***** Provided data
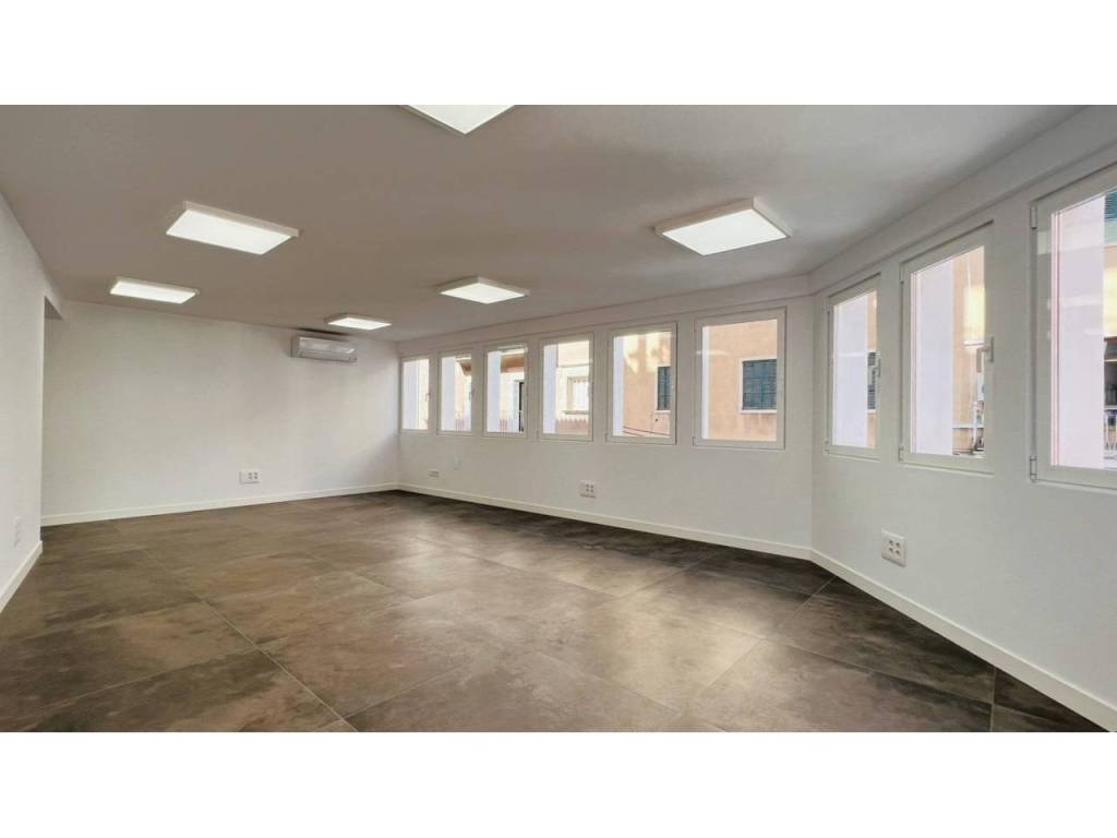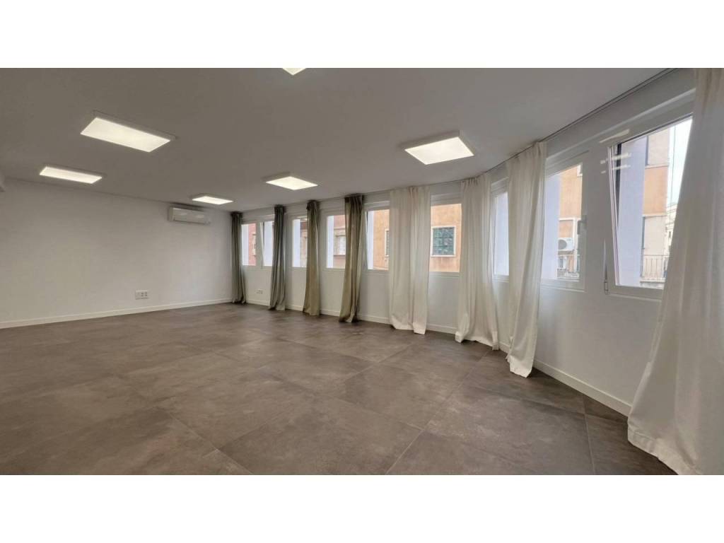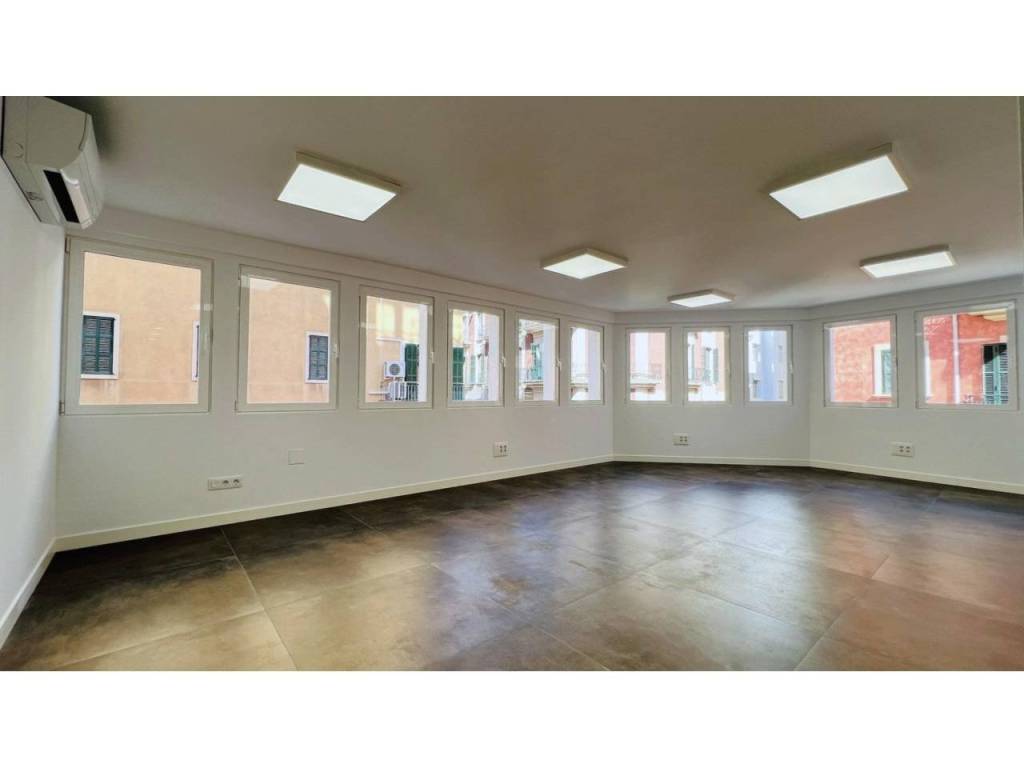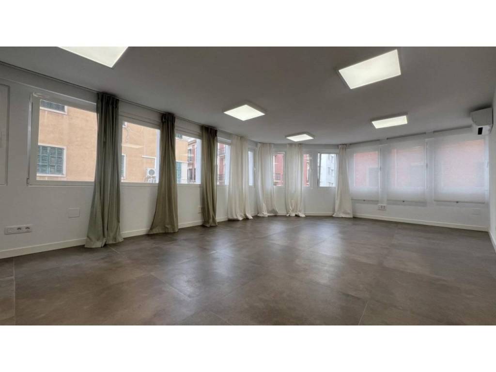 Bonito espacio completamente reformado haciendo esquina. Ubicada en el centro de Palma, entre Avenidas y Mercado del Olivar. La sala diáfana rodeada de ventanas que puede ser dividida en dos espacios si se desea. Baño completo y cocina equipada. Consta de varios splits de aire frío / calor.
**********
***** Provided data
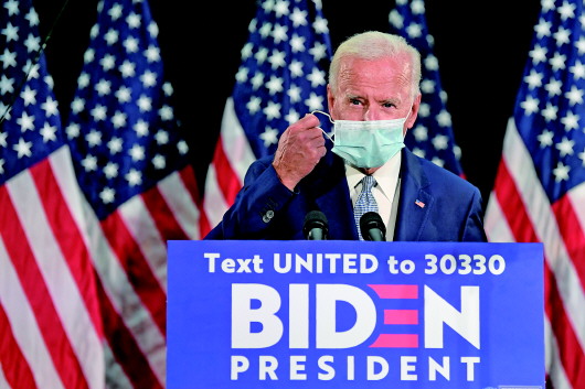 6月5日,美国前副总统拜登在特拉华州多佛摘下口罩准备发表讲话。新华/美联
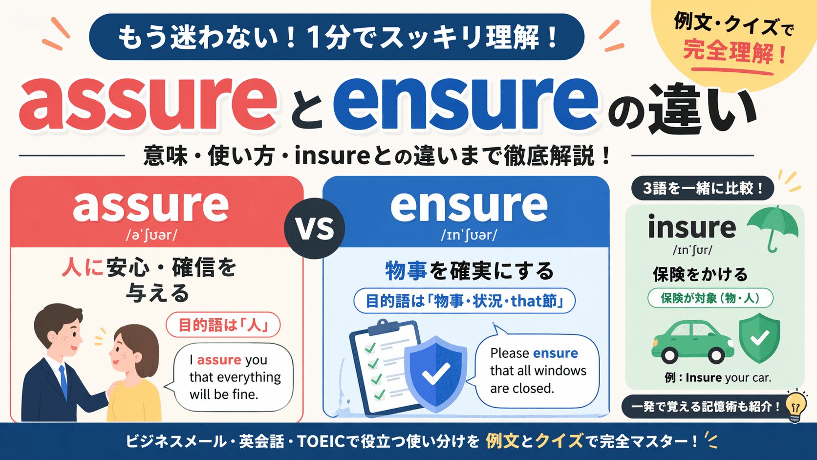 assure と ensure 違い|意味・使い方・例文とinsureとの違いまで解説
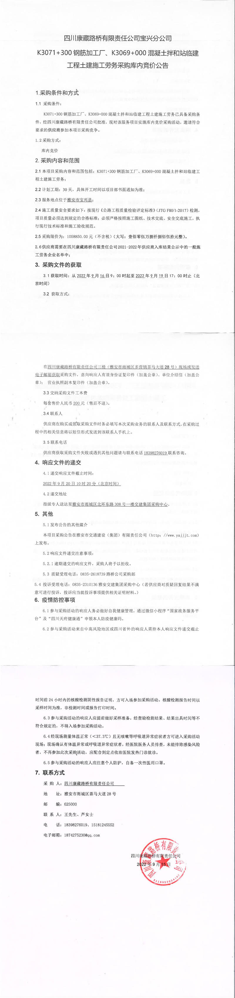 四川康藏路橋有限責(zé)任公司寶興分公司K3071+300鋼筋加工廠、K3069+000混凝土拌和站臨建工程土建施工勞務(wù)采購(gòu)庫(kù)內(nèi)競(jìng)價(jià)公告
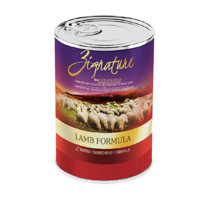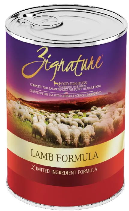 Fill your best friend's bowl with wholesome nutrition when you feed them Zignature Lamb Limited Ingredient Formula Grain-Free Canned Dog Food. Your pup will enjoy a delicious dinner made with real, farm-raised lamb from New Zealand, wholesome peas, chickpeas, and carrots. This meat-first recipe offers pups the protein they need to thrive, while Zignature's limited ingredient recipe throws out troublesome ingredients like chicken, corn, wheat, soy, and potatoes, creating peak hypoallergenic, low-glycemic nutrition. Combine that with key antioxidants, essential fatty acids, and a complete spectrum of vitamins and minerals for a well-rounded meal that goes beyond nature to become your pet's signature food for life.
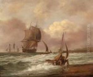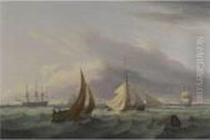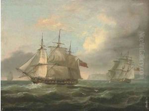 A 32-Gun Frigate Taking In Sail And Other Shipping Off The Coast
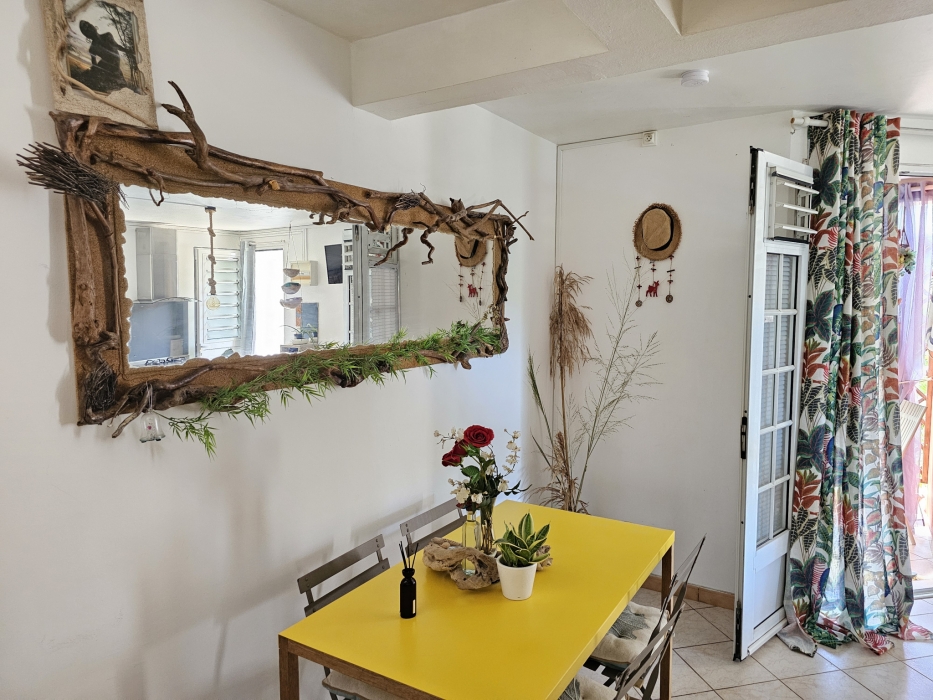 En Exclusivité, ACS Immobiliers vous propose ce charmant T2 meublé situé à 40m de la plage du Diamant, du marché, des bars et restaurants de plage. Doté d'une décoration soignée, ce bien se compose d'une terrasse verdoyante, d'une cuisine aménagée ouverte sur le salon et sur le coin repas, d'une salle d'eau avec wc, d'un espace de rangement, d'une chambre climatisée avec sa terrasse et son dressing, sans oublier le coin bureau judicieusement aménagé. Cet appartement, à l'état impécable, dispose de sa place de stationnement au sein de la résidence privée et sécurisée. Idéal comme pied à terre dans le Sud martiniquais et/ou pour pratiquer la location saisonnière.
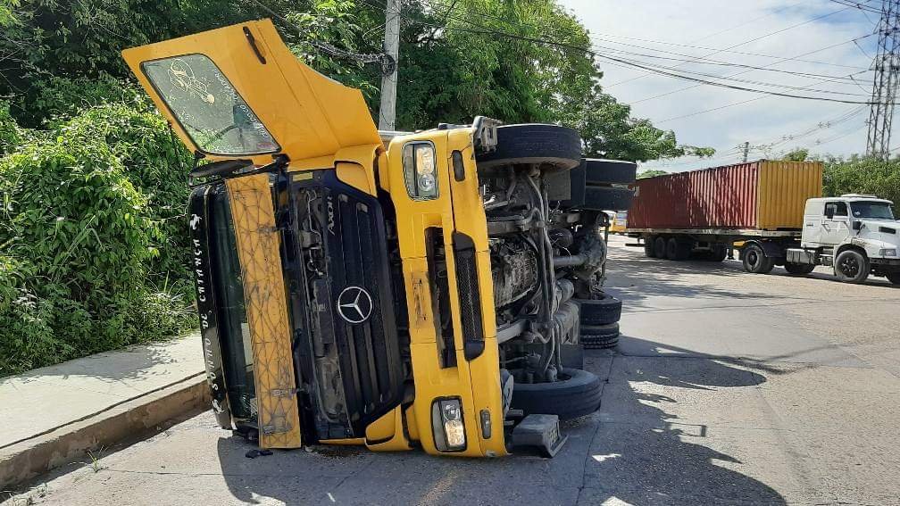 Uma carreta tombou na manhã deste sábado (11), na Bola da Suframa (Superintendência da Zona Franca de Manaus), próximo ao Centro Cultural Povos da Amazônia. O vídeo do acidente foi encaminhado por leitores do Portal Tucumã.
**********
(What you will do):
Write down exactly what the lines above say, from the line holding "assure と ensure 違い|意味・使い方・例文とinsureとの違いまで解説" through the line holding "四川康藏路橋有限責(zé)任", and nothing more. Do not copy the pictures.

(Result of the exercise):
 assure と ensure 違い|意味・使い方・例文とinsureとの違いまで解説
 四川康藏路橋有限責(zé)任公司寶興分公司K3071+300鋼筋加工廠、K3069+000混凝土拌和站臨建工程土建施工勞務(wù)采購(gòu)庫(kù)內(nèi)競(jìng)價(jià)公告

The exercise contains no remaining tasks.